Na obra, as autoras (re)criam cenários resultantes dos ataques terroristas em Cabo Delgado, com o objetivo de sensibilizar sobre os males da guerra. O enredo centra-se na narrativa de Aisha, uma criança altruísta, de apenas 11 de idade, cujos sonhos são abalados pela insurgência.

De acordo com Eliane Butelane, o livro apresenta um misto de sensações, espaços e momentos, na ideia de chamar a atenção para a necessidade da manutenção do bem-estar social.

“Escrever o livro foi um processo de introspecção, onde pude descobrir mais de mim mesma de uma forma altruísta na tentativa de compreender a tristeza, sentir o sofrimento causado pela situação dos insurgentes”, avança a autora, a descrever o processo de produção da obra como um momento de aprendizado.

Eliane Lúcia Leonardo Butelane nasceu a 07 de Julho de 2004, em Maputo.
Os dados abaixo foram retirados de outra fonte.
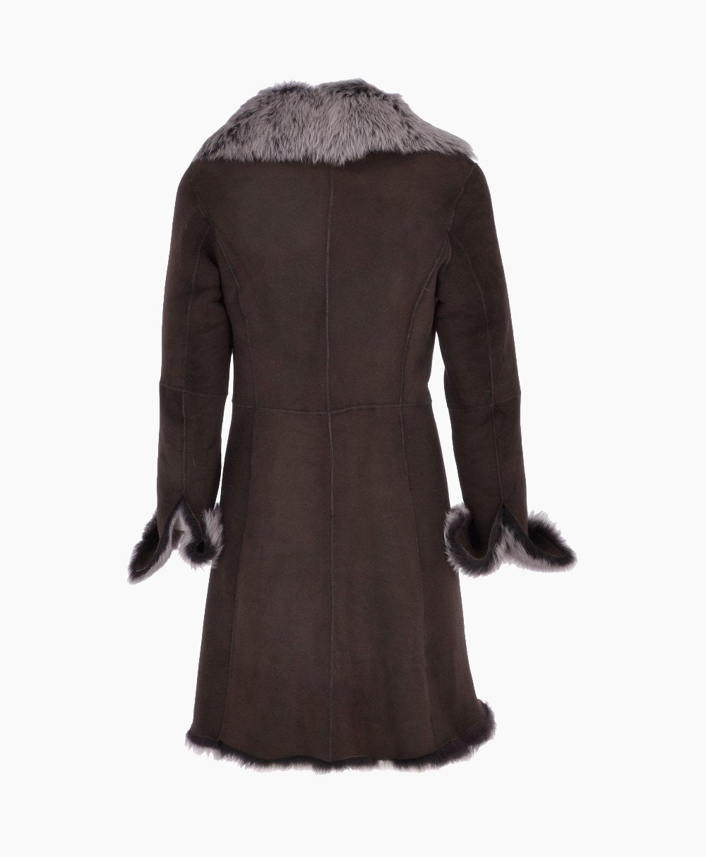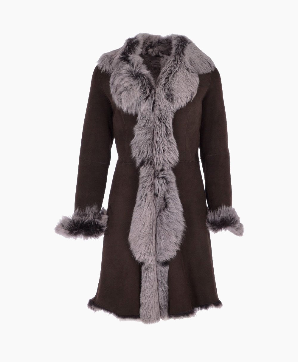 Women’s Suede Leather Coat Brown Bismarck from Vogue Jacket is the perfect outerwear luxury and glamour statement, using only masterful skills of traditional leather craftsmanship to bring you a timeless winter piece to add to your wardrobe collection. Handcrafted and sourced from sustainable hides, this long length, long haired coat is a true treasure to behold. Expect the outer shell to have a soft velvety hand buffed finish using traditional artisan skills for a suede feel, open to find a plush, cozy luxe fur inner.

Encantou-se pelo universo da literatura na infância, tendo começado a rabiscar com 9 anos de idade. Em 2015, entrou no grupo de poesia da sua antiga escola, Escola Primária Completa da Imaculada, e desde então foi reafirmando a sua paixão pela literatura. Continuou o percurso na Escola Secundária Força do Povo, onde, em 2021, conquistou o primeiro lugar da categoria de prosa, por ocasião da Feira do Livro de Maputo, com o conto “Iguais”.  No mesmo ano, foi também uma das vencedoras do concurso literário FLIK e participou na Antologia Pátria Amada. Actualmente é estudante do curso de Licenciatura em Relações Internacionais e Diplomacia na Universidade JoaquimChissano.

Natacha Albertina Jalane nascida aos 16/09/2004, é estudante e residente na Cidade de Maputo, Moçambique. No ano de 2021, foi uma das vencedoras do concurso literário Flik da edição de 2021. Vagou durante anos nas profundezas dos seus pensamentos abstratos sem direcção alguma perguntando se algum dia haveria alguma razão da sua existência, um mundo livre em que as milhares dela possam coexistir e ganhar vida. Desesperada e perdida sem brilho, sonhos, sem um pingo de interesse na vida até que um dia uma luz brilhou! Uma nova porta se abriu perante os seus olhos era um novo mundo, onde ela podia ser livre não só ela mas as milhares dela que habitam nela a arte.